TASK PROMPT: Write out the opening lines of the data word for word, up to and including the line with "키즈룸 가족탕을 이용하시면", and leave every picture and every later line out.

PROVIDED DATA:
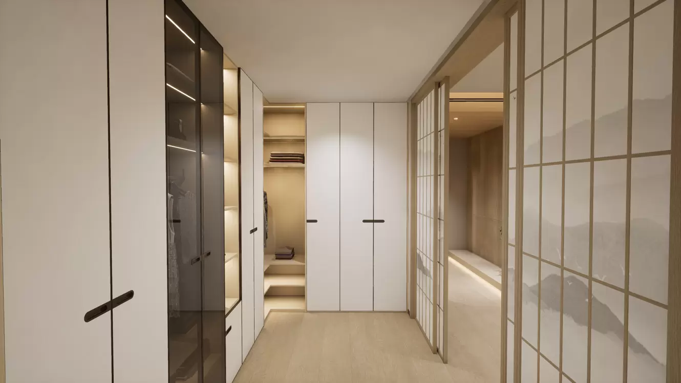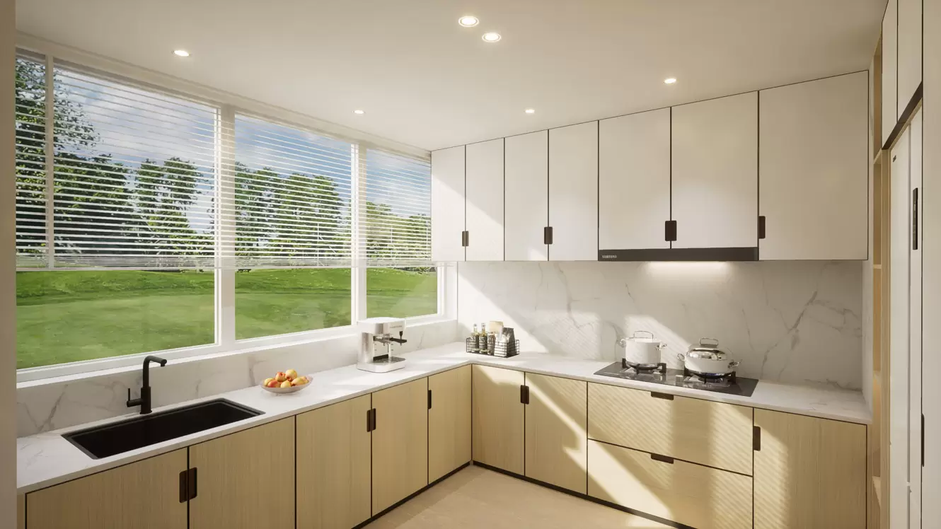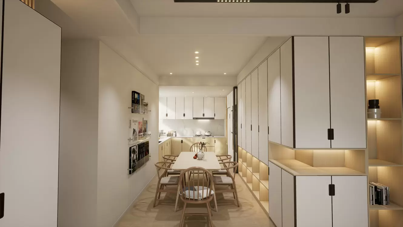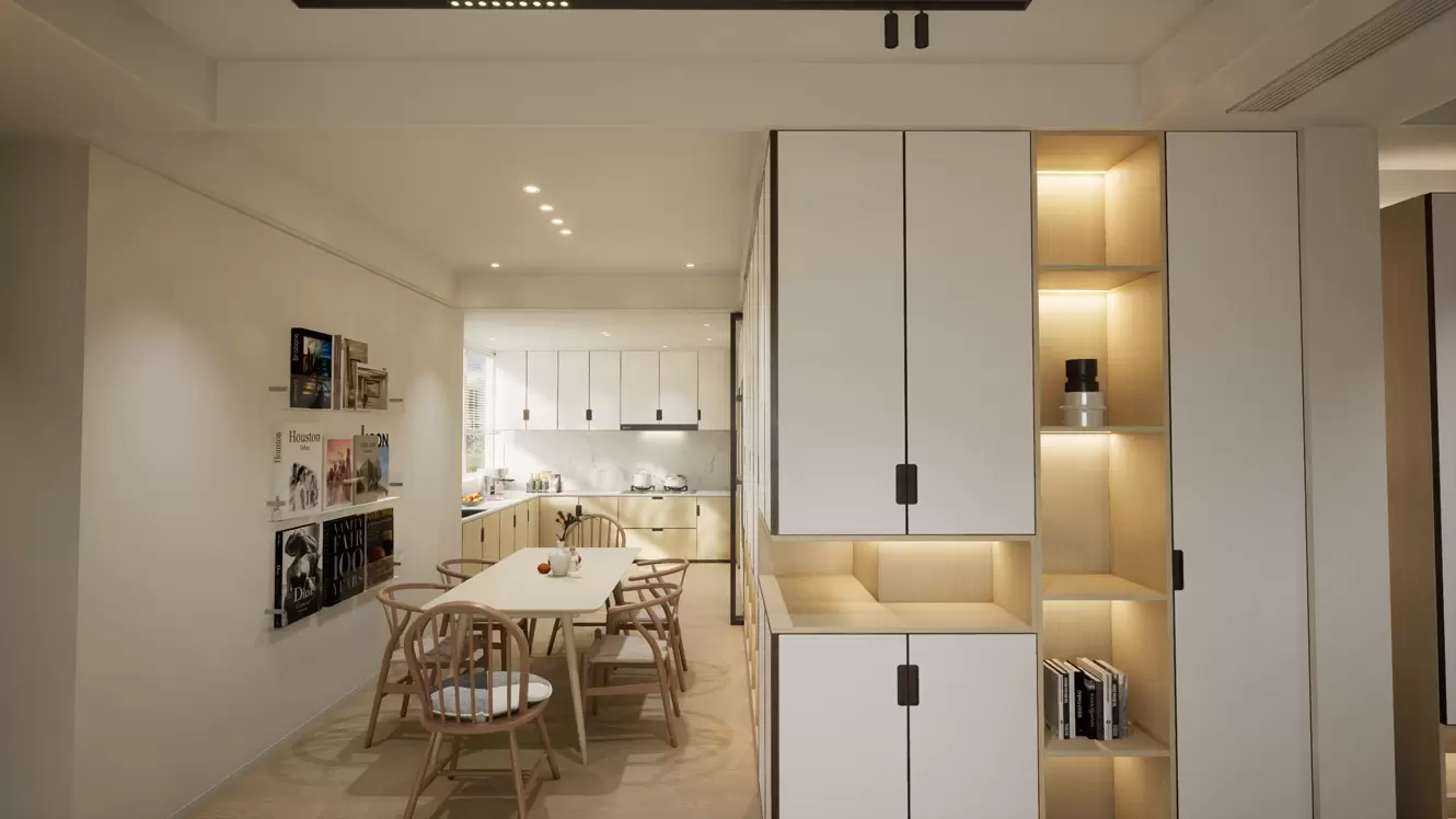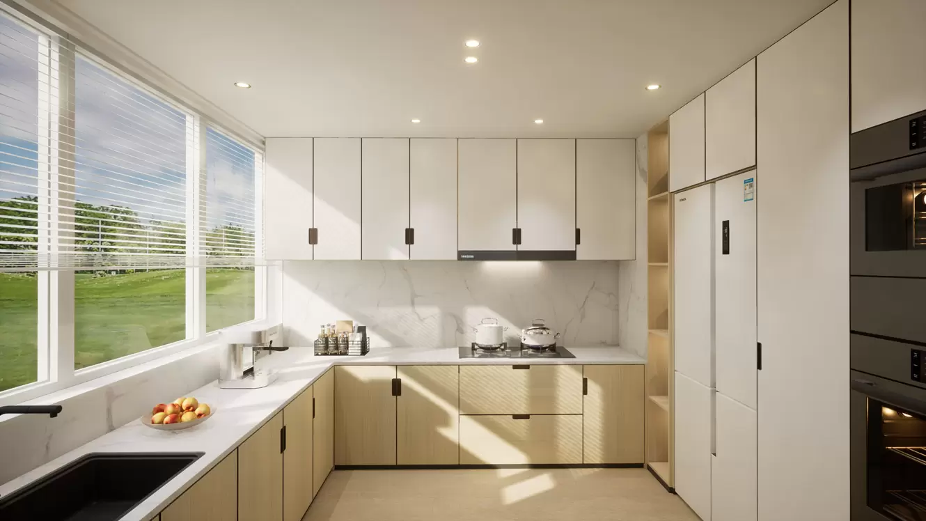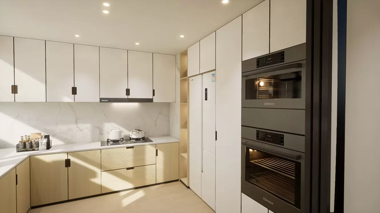 Integrată în zona de living deschisă, bucătăria, cu estetica sa minimalistă, creează un mediu fluid și dinamic, care se adaptează ritmurilor vieții de astăzi. Se mândrește cu o insulă ce servește atât ca stație de lucru culinară, cât și ca loc de întâlnire pentru o cină relaxată. Aspectul general coerent și caracterul practic funcțional sunt demonstrate prin utilizarea de K013 și K353 ca decoruri asortate pentru blatul și fațada bucătăriei, împreună cu eleganta linie Slim Line, care prezintă soluțiile coordonate Kronospan.
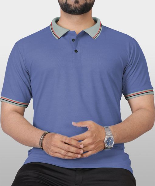 Men Solid Polo Neck Polyester Blue T-Shirt
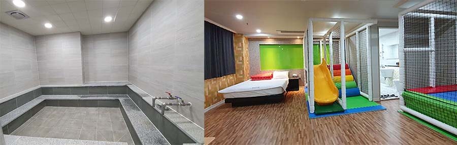 키즈룸 가족탕을 이용하시면 객실 안에 아이들이 놀 수 있는 요소들이 많이 있어 인기가 좋습니다.
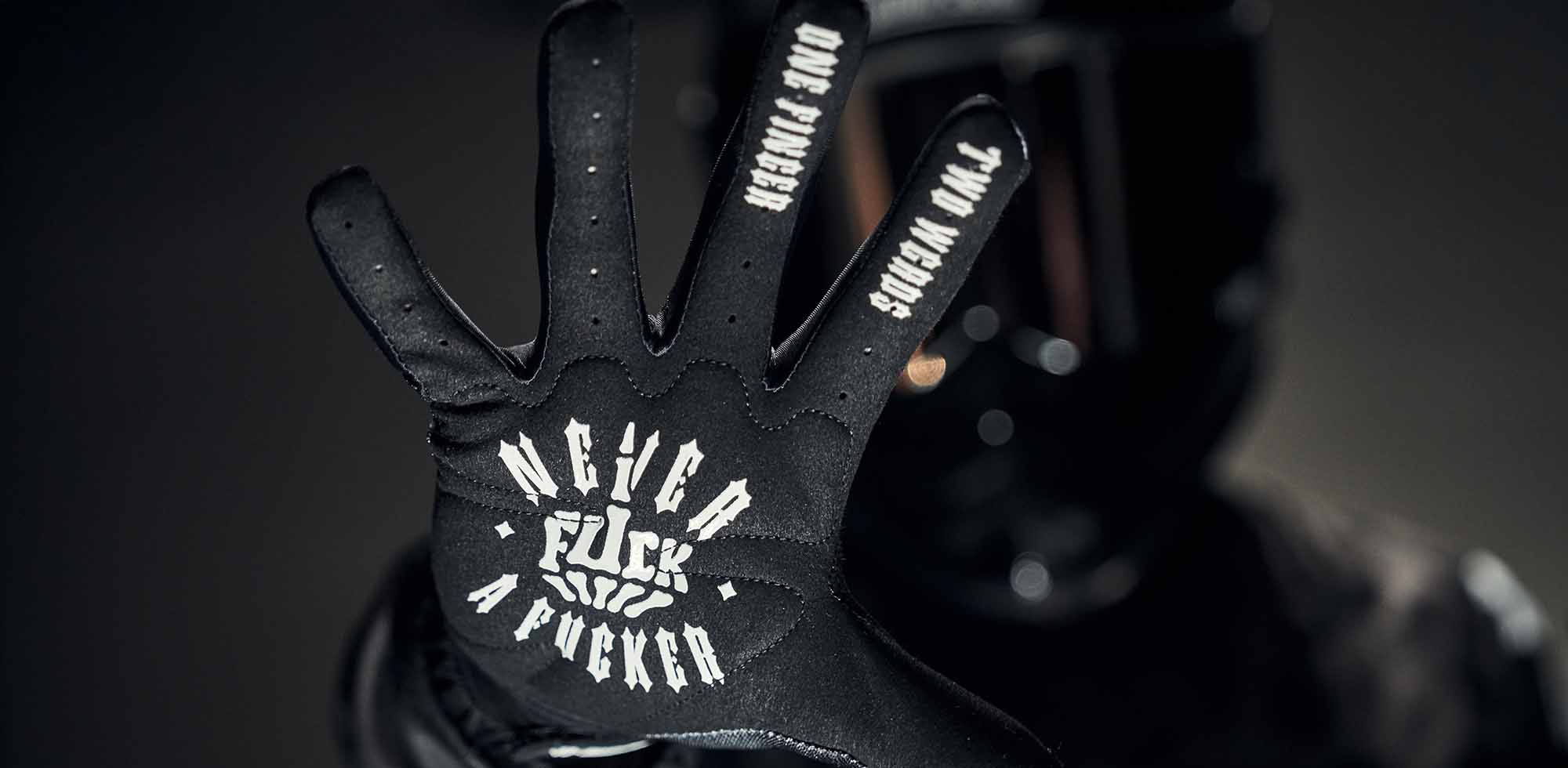 Auf dem Handrücken ist eine dezente 13 tief geprägt, während der Mittelfinger mit „Have a nice day“ und „Motherfucker“ für Kommunikation ohne Worte sorgt. Das Material ist griffig, langlebig und entwickelt mit der Zeit Patina – so wie es sich für echte Motorradhandschuhe gehört.
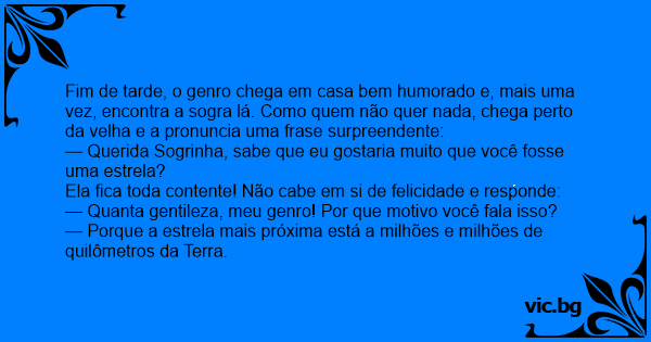 — Querida Sogrinha, sabe que eu gostaria muito que você fosse uma estrela?
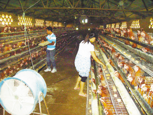 商水县平店乡袁庄村村民袁规划、秦蓓蓓夫妇正在他们家的蛋鸡养殖场忙碌。近年来,该乡积极引导农民因地制宜调整经济结构,大力发展以蛋鸡、肉牛、生猪为主的特色养殖业,很多农户走上了致富之路。
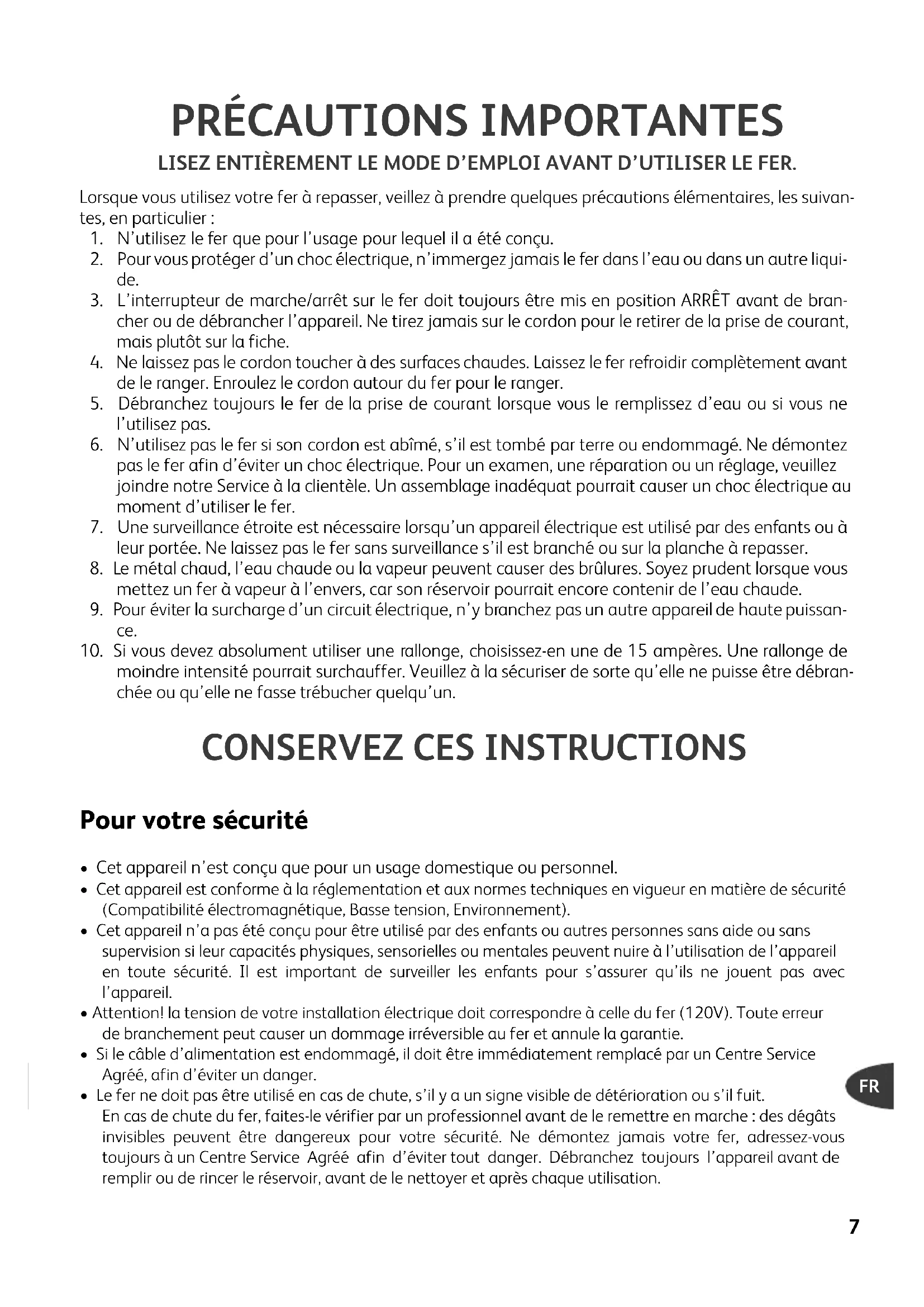 - Cet appareil n’est conçu que pour un usage domestique ou personnel.• Cet appareil est conforme à la réglementation et aux normes techniques en vigueur en matière de sécurité(Compatibilité électromagnétique, Basse tension, Environnement).• Cet appareil n’a pas été conçu pour être utilisé par des enfants ou autres personnes sans aide ou sanssupervision si leur capacités physiques, sensorielles ou mentales peuvent nuire à l’utilisation de l’appareil en toute sécurité. Il est important de surveiller les enfants pour s’assurer qu’ils ne jouent pas avec l’appareil.• Attention! la tension de votre installation électrique doit correspondre à celle du fer (120V). Toute erreurde branchement peut causer un dommage irréversible au fer et annule la garantie.• Si le câble d’alimentation est endommagé, il doit être immédiatement remplacé par un Centre ServiceAgréé, afin d’éviter un danger.• Le fer ne doit pas être utilisé en cas de chute, s’il y a un signe visible de détérioration ou s’il fuit.En cas de chute du fer, faites-le vérifier par un professionnel avant de le remettre en marche : des dégâts invisibles peuvent être dangereux pour votre sécurité. Ne démontez jamais votre fer, adressez-vous toujours à un Centre Service Agréé afin d’éviter tout danger. Débranchez toujours l’appareil avant deremplir ou de rincer le réservoir, avant de le nettoyer et après chaque utilisation.

SOLUTION TO THE PROBLEM:
 Integrată în zona de living deschisă, bucătăria, cu estetica sa minimalistă, creează un mediu fluid și dinamic, care se adaptează ritmurilor vieții de astăzi. Se mândrește cu o insulă ce servește atât ca stație de lucru culinară, cât și ca loc de întâlnire pentru o cină relaxată. Aspectul general coerent și caracterul practic funcțional sunt demonstrate prin utilizarea de K013 și K353 ca decoruri asortate pentru blatul și fațada bucătăriei, împreună cu eleganta linie Slim Line, care prezintă soluțiile coordonate Kronospan.
 Men Solid Polo Neck Polyester Blue T-Shirt
 키즈룸 가족탕을 이용하시면 객실 안에 아이들이 놀 수 있는 요소들이 많이 있어 인기가 좋습니다.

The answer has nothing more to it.